A Process Investigation 

A considerable amount of literature has been dedicated to issues relating to performance assessments and 
their use in medical education (Colliver & Williams, 1993; Swanson, Norman, & Linn, 1995; van der Vleuten & 
Swanson, 1990). One particular type of performance assessment that has been used with increasing frequency to 
assess the clinical skills of medical students is the standardized patient (SP) examination (Vu & Barrows, 1994). 

SPs are laypersons trained to depict clinical encounters in a consistent, standardized fashion (Barrows, 1987). 

Although there is no shortage of research assessing the reliability of SP examination scores (Swanson & 
Norcini, 1989; Swanson, Norman, & Linn, 1995; van der Vleuten, 1996; Vu & Barrows, 1994), relatively little 
research has focused on addressing other important measurement issues.
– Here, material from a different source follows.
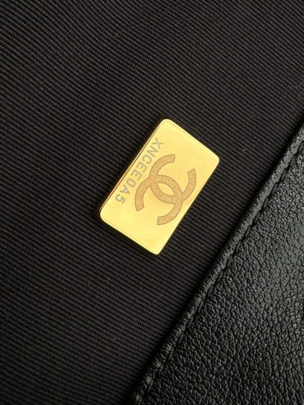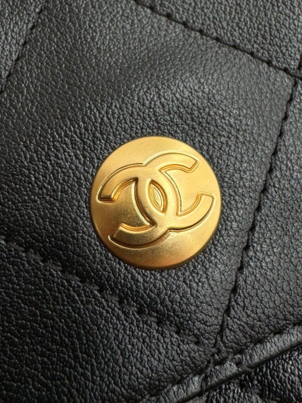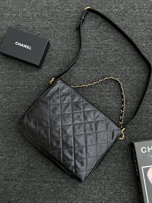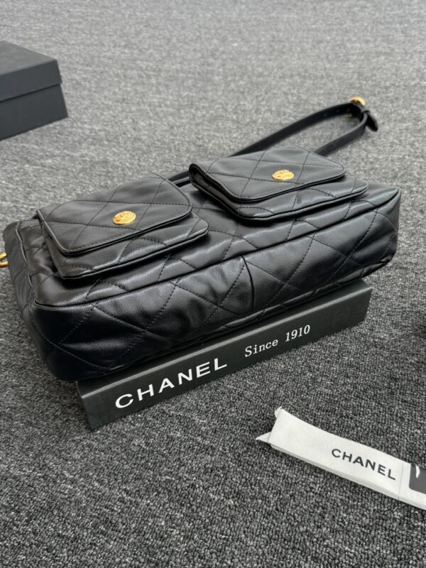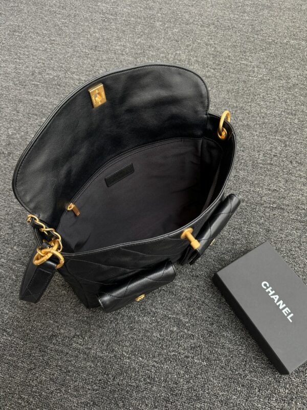 Chanel 24P Double Pocket Hobo Bag Black Shiny Calfskin

One of these critical issues is how to best 
set a performance standard for these alternative assessments. 

Most of the methods that have been proposed to set standards for performance-based examinations are 
extensions of procedures originally devised for use with multiple-choice items (Livingston & Zieky, 1982). Some 
authors have proposed modifications of the Angoff (Hambleton & Plake, 1995; Mittal, Chai, & Wennberg; Norcini 
et al ., 1993) and contrasting-group approaches (Clauser & Nungester, 1996; Colliver, Barnhart, Marcy, & Verhulst, 
1994; Dauphinee, Blackmore, Smee, Rothman, & Reznick, 1997; Ross, Clauser, & Clyman, 1994). Others have 
advocated using polytomous item response theory models in the standard setting process for performance 
assessments (Luecht, 1993). Jaeger (1995) states that these procedures, as they were originally intended to be used, 
assume that the latent proficiency space is unidimensional and that the items comprising an examination contribute 
to a summative scale. These assumptions are likely to be violated with complex performance-based measures and 
could account for some of the mixed results reported in past studies. In response to this, Jaeger (1995) and Putnam, 
Pence, and Jaeger (1995) proposed judgmental policy capturing (JPC) and dominant profile (DP) approaches for 
standard setting. These methods seem better able to capture the complex, multidimensional nature of alternative 
assessments by allowing judges to review entire performance profiles. JPC and DP methods typically entail 
approximating standard setting policies of judges using regression modeling.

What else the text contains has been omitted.